[Given entries — start]
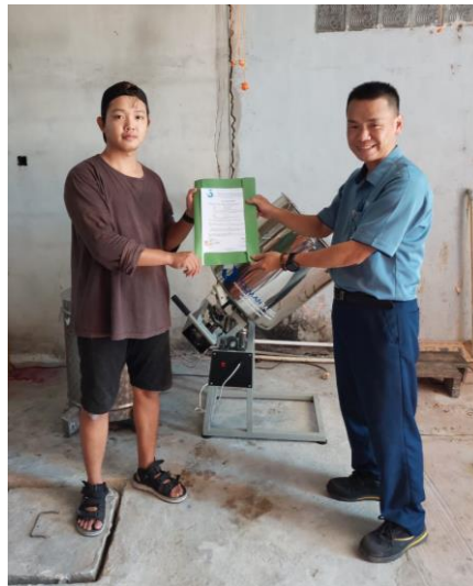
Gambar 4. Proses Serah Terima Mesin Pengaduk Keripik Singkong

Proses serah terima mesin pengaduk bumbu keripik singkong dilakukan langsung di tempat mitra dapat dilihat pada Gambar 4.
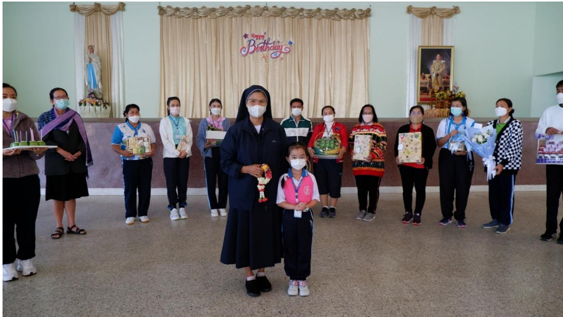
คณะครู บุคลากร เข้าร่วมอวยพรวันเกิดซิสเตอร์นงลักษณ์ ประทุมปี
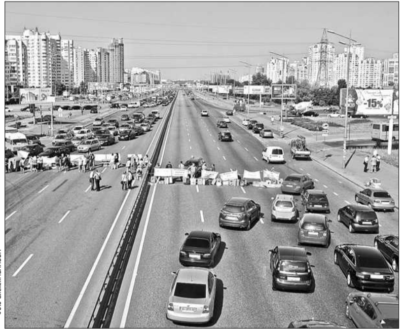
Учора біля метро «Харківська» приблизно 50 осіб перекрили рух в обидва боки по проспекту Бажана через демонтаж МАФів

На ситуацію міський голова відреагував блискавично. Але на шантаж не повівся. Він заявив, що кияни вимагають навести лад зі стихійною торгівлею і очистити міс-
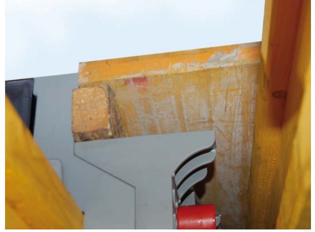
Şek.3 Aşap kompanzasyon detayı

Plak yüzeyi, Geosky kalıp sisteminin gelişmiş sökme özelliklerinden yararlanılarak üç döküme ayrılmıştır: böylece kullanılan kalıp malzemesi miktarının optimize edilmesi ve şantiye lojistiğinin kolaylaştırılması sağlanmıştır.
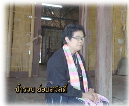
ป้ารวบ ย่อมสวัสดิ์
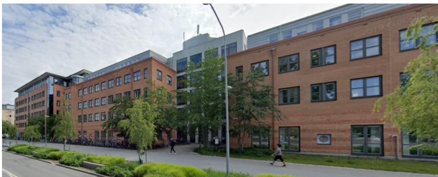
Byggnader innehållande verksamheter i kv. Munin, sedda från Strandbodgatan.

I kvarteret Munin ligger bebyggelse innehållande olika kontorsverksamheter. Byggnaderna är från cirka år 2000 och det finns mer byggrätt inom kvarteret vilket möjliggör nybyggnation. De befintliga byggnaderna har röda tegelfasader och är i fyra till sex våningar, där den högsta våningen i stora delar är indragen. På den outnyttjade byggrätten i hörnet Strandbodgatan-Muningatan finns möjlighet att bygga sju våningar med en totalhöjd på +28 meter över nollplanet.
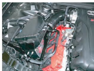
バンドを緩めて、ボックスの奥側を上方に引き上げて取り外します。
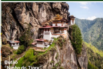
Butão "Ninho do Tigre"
[Given entries — finish]
* **Task objective**
Where a line above contains the string "Gambar", copy that line.

* **Result of this task**
Gambar 4. Proses Serah Terima Mesin Pengaduk Keripik Singkong
Proses serah terima mesin pengaduk bumbu keripik singkong dilakukan langsung di tempat mitra dapat dilihat pada Gambar 4.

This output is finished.